**What is required**
Output the full listing below exactly; the images stay out.

**Given material**
******
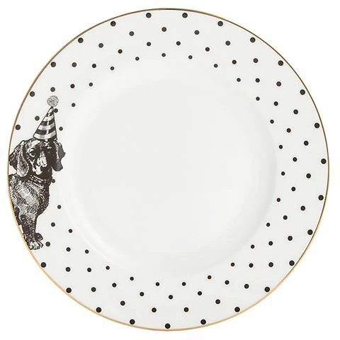 Enjoy an afternoon tea experience like no other with Yvonne Ellen’s Party Pup Side Plate. Featuring an adorable illustration of a dog in a party hat, this fine bone china plate features black dots against a white backdrop and is complete with shimmering gold-toned edging.
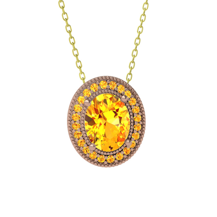 Sitrin 18 ayar rose altın kolye (40 cm altın rolo zincir)
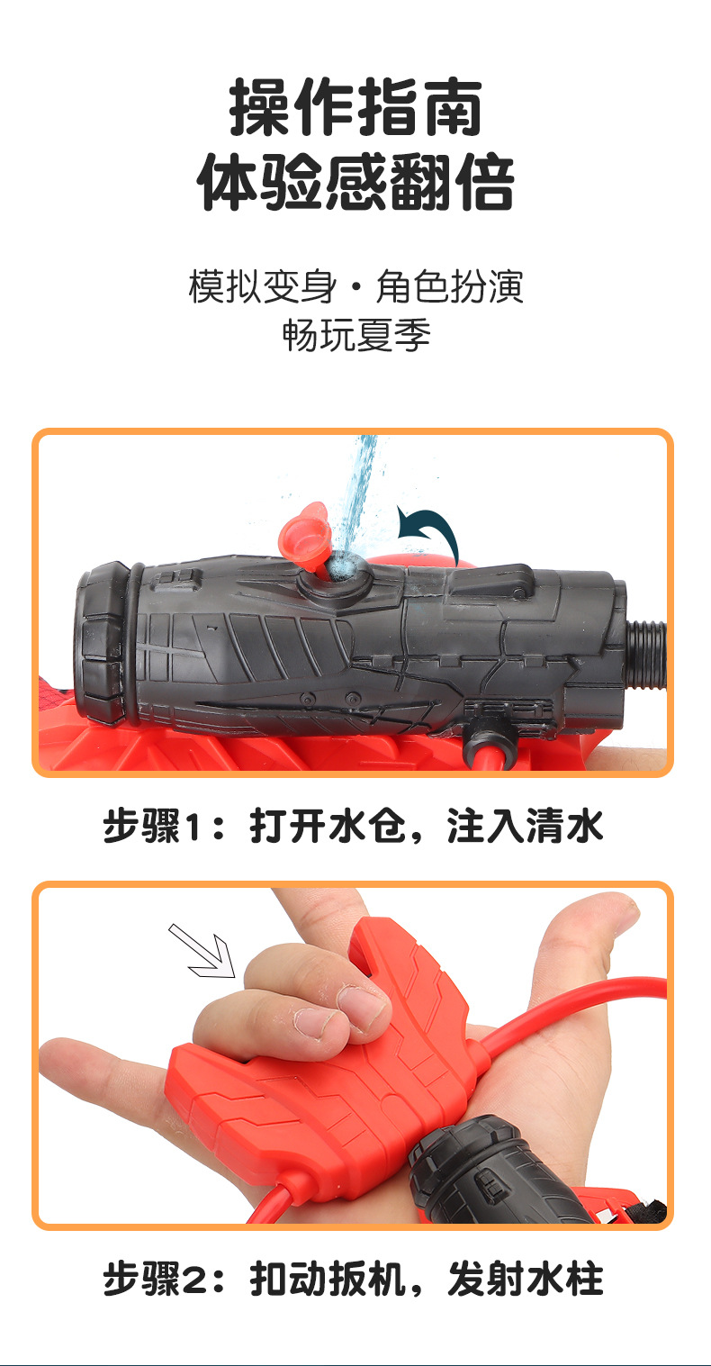 [옌쑤언] 기사도 거미 손목 발사기 프레스 물총 터져 어린이 웨어러블 팔 물 장난감스토어 가기
******
**Task response**
 Enjoy an afternoon tea experience like no other with Yvonne Ellen’s Party Pup Side Plate. Featuring an adorable illustration of a dog in a party hat, this fine bone china plate features black dots against a white backdrop and is complete with shimmering gold-toned edging.
 Sitrin 18 ayar rose altın kolye (40 cm altın rolo zincir)
 [옌쑤언] 기사도 거미 손목 발사기 프레스 물총 터져 어린이 웨어러블 팔 물 장난감스토어 가기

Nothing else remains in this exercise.